Unable to specify GPU usage in VLLM code
humza-sami opened this issue ยท 15 comments
I am facing difficulties in specifying GPU usage for different models for LLM inference pipeline using vLLM. Specifically, I have 4 RTX 4090 GPUs available, and I aim to run a LLM with a size of 42GB on 2 RTX 4090 GPUs (~48GB) and a separate model with a size of 22GB on 1 RTX 4090 GPU(`24GB).
This is my code for running 42GB model on two GPUs.
from vllm import LLM
llm = LLM(model_name, max_model_len=50, tensor_parallel_size=2)
output = llm.generate(text)
However, I haven't found a straightforward method within the VLLM library to specify which GPU should be used for each model.
You can specify the devices by using CUDA_VISIBLE_DEVICES
environment variable.
You can specify the devices by using
CUDA_VISIBLE_DEVICES
environment variable.
from vllm import LLM
import os
os.environ["CUDA_VISIBLE_DEVICES"] = "1,2"
llm_1 = LLM(llm_1_name,max_model_len=50,gpu_memory_utilization=0.9, tensor_parallel_size=2)
os.environ["CUDA_VISIBLE_DEVICES"] = "3"
llm_2 = LLM(llm_2_name,max_model_len=50,gpu_memory_utilization=0.9, tensor_parallel_size=1)
this still loads 2nd llm on 1 and 2 gpu and gives memory error
Try instantiate them in different script?
@simon-mo Separatly they work but my goal is to run two different LLMs. One LLM on 2 GPUs and Second LLM on 3rd GPU
from vllm import LLM
import os
os.environ["CUDA_VISIBLE_DEVICES"] = "0,1"
llm_1 = LLM(llm_1_name,max_model_len=50,gpu_memory_utilization=0.9, tensor_parallel_size=2)
os.environ["CUDA_VISIBLE_DEVICES"] = ""
os.environ["CUDA_VISIBLE_DEVICES"] = "2"
llm_2 = LLM(llm_2_name,max_model_len=50,gpu_memory_utilization=0.9, tensor_parallel_size=1)
RuntimeError Traceback (most recent call last)
Cell In[11], line 3
1 os.environ["CUDA_VISIBLE_DEVICES"] = "2"
----> 3 llm_2 = LLM("codellama/CodeLlama-7b-Instruct-hf",max_model_len=4000,gpu_memory_utilization=0.9, tensor_parallel_size=1)File /usr/local/lib/python3.8/dist-packages/vllm/entrypoints/llm.py:109, in LLM.init(self, model, tokenizer, tokenizer_mode, trust_remote_code, tensor_parallel_size, dtype, quantization, revision, tokenizer_revision, seed, gpu_memory_utilization, swap_space, enforce_eager, max_context_len_to_capture, disable_custom_all_reduce, **kwargs)

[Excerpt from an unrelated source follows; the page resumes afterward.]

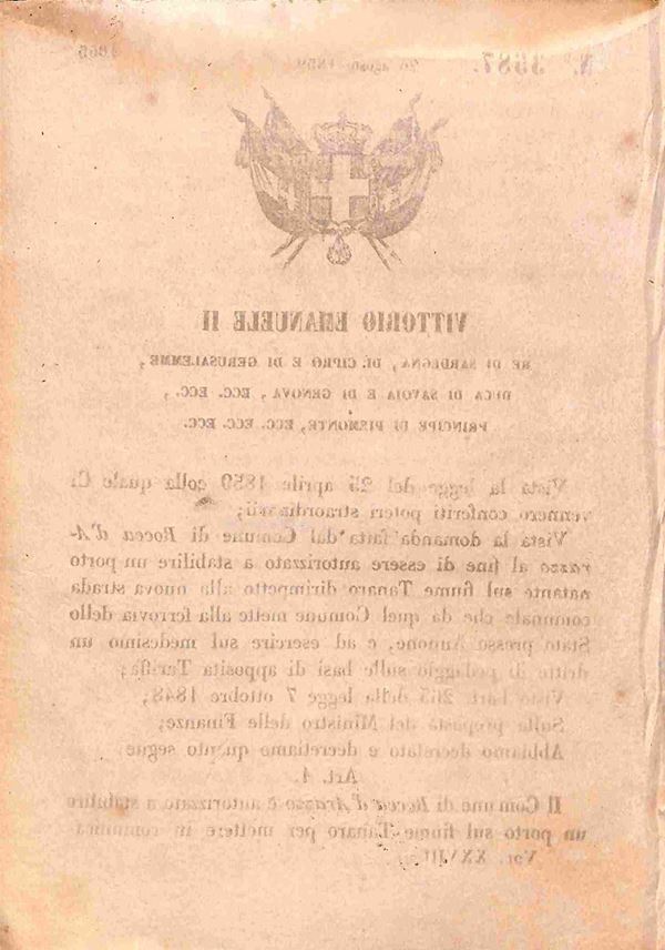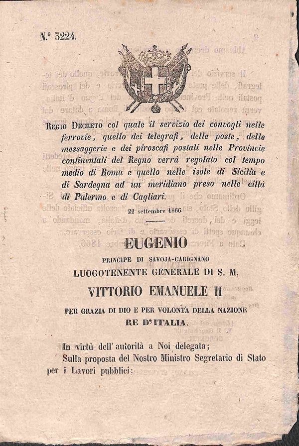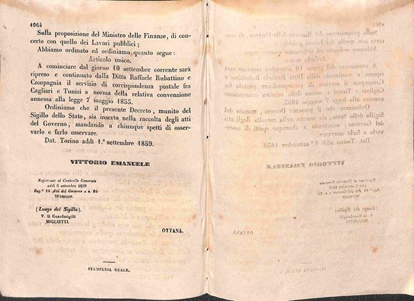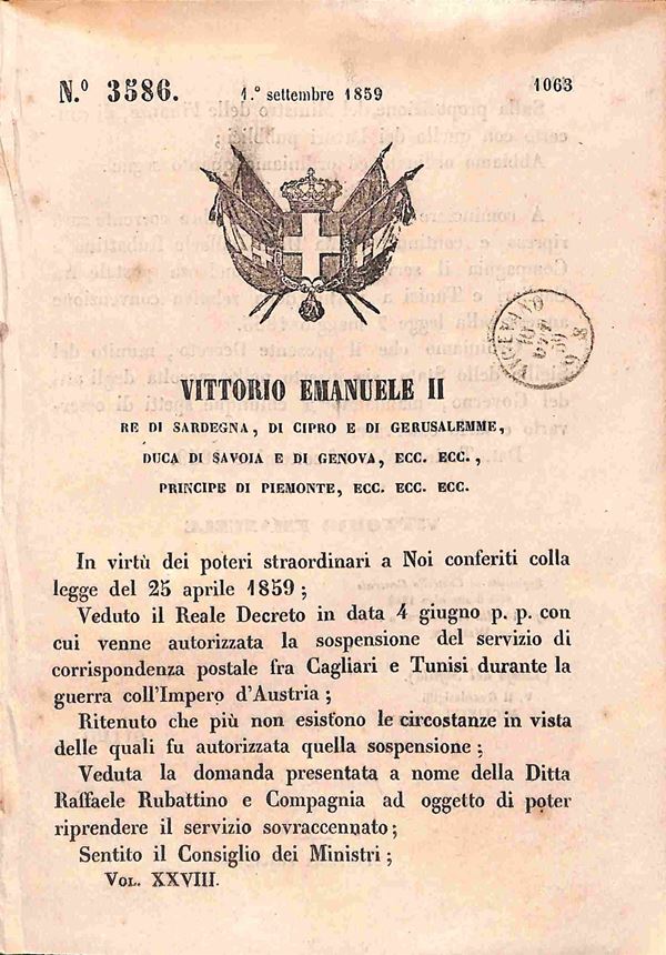 Due Decreti sui trasporti (1859 + 1866) + Gazzetta Piemontese del 1853 con itinerario del mese di maggio dei Piroscafi Sardi Napoletani e Francesi - interessante insieme di documenti

90 kwargs["disable_log_stats"] = True
91 engine_args = EngineArgs(
92 model=model,
93 tokenizer=tokenizer,
(...)
107 **kwargs,
108 )
--> 109 self.llm_engine = LLMEngine.from_engine_args(engine_args)
110 self.request_counter = Counter()File /usr/local/lib/python3.8/dist-packages/vllm/engine/llm_engine.py:371, in LLMEngine.from_engine_args(cls, engine_args)
369 placement_group = initialize_cluster(parallel_config)
370 # Create the LLM engine.
--> 371 engine = cls(*engine_configs,
372 placement_group,
373 log_stats=not engine_args.disable_log_stats)
374 return engineFile /usr/local/lib/python3.8/dist-packages/vllm/engine/llm_engine.py:120, in LLMEngine.init(self, model_config, cache_config, parallel_config, scheduler_config, device_config, lora_config, placement_group, log_stats)
118 self._init_workers_ray(placement_group)
119 else:
--> 120 self._init_workers()
122 # Profile the memory usage and initialize the cache.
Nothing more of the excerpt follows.